■ PROBLEM REQUIREMENTS
An exact copy is required of every line from the one with "At present 45" through the end of the data below, and the pictures must stay out of it.

■ DATA PROVIDED
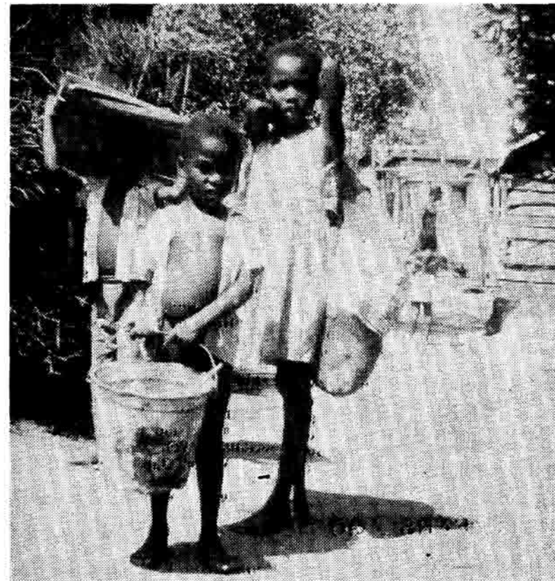
IN PATH OF BULLDOZER. These children live in shantytown in Kingston, capital of newly independent Jamaica. But homes their squatter parents put up are being bulldozed by government without any new housing being made available for them. Though homes are shacks without plumbing or utilities they at least provided shelter.

At present 45 per cent of the country's farm lands are owned
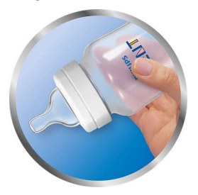
Easy to hold

The unique bottle shape makes this bottle easy to hold and grip in any direction.

■ ANSWER SPACE
At present 45 per cent of the country's farm lands are owned
Easy to hold

The unique bottle shape makes this bottle easy to hold and grip in any direction.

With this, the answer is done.